Los primeros detenidos, tres hombres de 48, 40 y 27 años y una mujer de 22, fueron capturados alrededor de las 2 del 27 de octubre cuando circulaban en la misma Tracker con la que habían cometido el crimen.
La familia de Lautaro y su legado
El joven trabajaba cuidando caballos y era el menor de seis hermanos. Vivía con su mamá y con sus dos hermanos menores. La ayudaba a ella porque su padre vive en Corrientes hace dos años y viaja cada 15 días de visita.
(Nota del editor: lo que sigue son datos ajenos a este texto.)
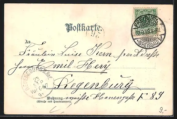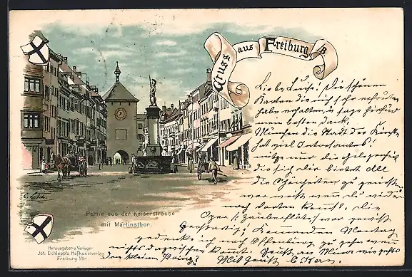 Lithographie Freiburg i. B., Kaiserstrasse mit Martinsthor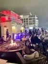 Elevated dj. We arrived at night, easy with no hassle... BAM! lights everywhere---on the entrance side one can see the baseball field, while entering the Sky Room fills you with downtown buildings and lights. This place makes strong drinks and plays top 40 music. The crowd was friendly and the firepit warm, for those who are into lounging. I suggest guest experience this place during the day. Blue skies and sea. Cheers!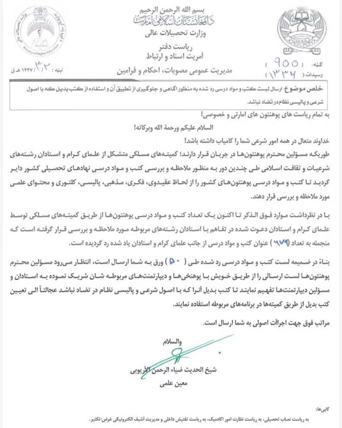 در نامهای صادره از سوی ضیاءالرحمن الاریوبی، معین علمی وزارت تحصیلات عالی در تاریخ چهارم سنبله، دانشگاهها ملزم شدهاند کتابهای ممنوعه را از برنامههای درسی حذف و جایگزینهایی متناسب با «اصول شرعی و سیاستهای نظام» اتخاذ کنند.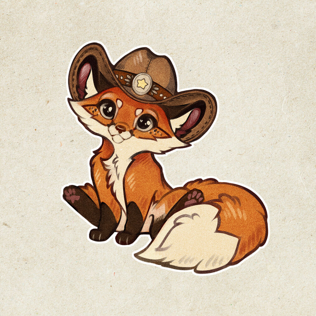- 18x18 inch PSD file (Lineart: body, face and pupils layers; color layers for separate parts of the fox & its hat)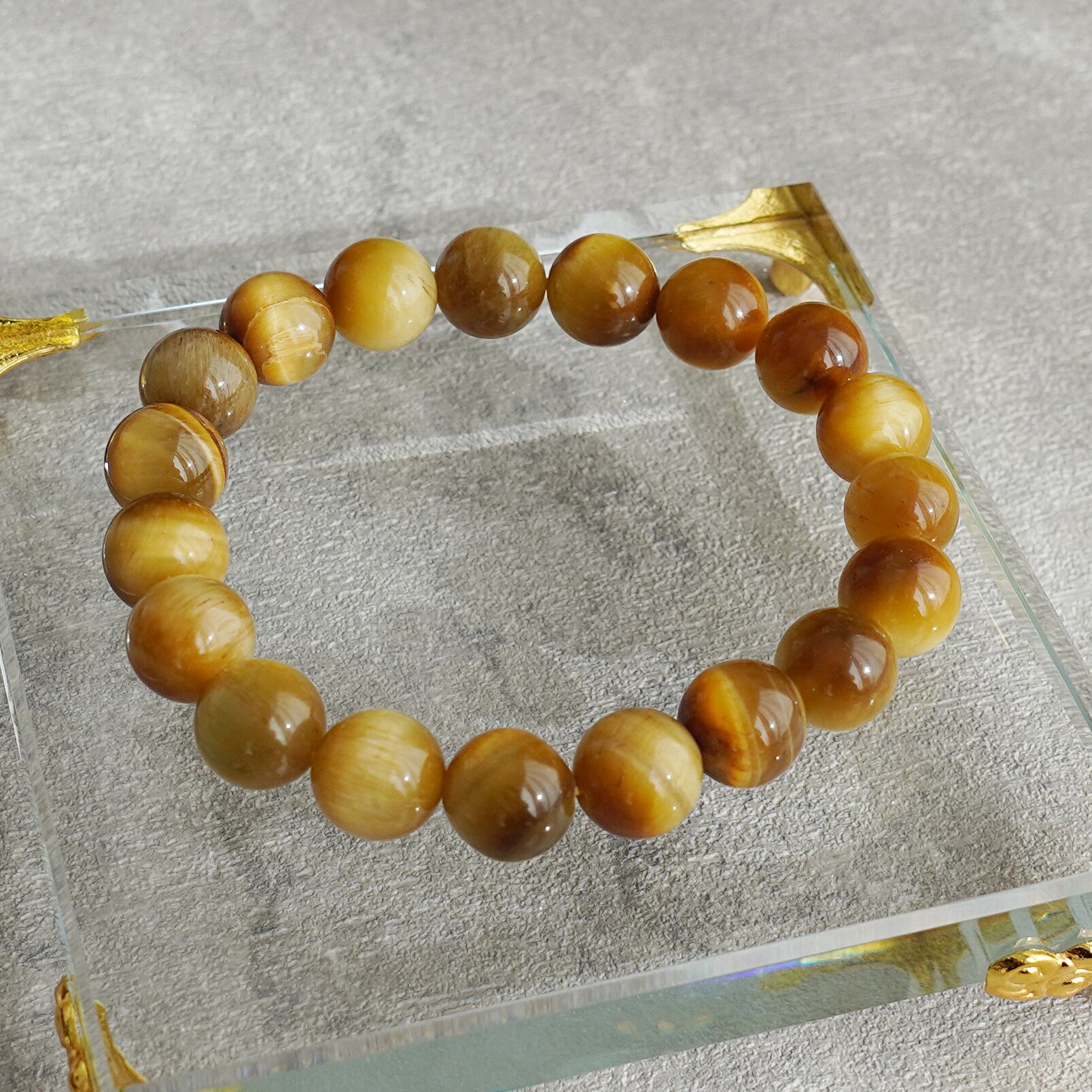 桐箱入りの美しいゴールデンタイガーアイの10mm玉ブレスレットです。

«Mi cuñado era como mi hermano, era el padrino de mi hija. Él era muy cuidadoso, se asustaba de todo, por eso la primera vez que se vio con esta chica le mandó un Uber. Pero esta vez decidió ir a buscarla, no sé por qué, no conoce esta zona», contó Camila, que está casada con Alberto Gómez, el hermano mayor de la víctima.
«Él era un pibe muy trabajador, estaba juntando plata para comprarse un autito porque ese (el que tenía el día del robo) lo usaba junto con el hermano. Pero no se metía con nadie, mi suegra se peleaba con los chicos y él intermediaba, era todo amor y paz», lo recordó la joven.
Justicia para Lautaro
«Mi suegra está sufriendo muchísimo, él era el andariego de la casa, la acompañaba a comprar, al médico, la llevaba a todos lados. Era el más chiquito. Le agarró un colapso en el hospital cuando lo vio, en el velorio también es horrible lo que estamos viviendo. Para nosotros justicia es que se pudran en la cárcel porque son unos asesinos. Matar así por un auto de mierda, y encima de atrás. No se merecen nada», cerró Camila.
Lautaro Iván Gómez era un joven trabajador, querido por su familia y amigos. Su trágica muerte a manos de delincuentes que simulaban ser policías dejó un vacío imposible de llenar. Su memoria vive en aquellos que lo amaron y ahora claman por justicia.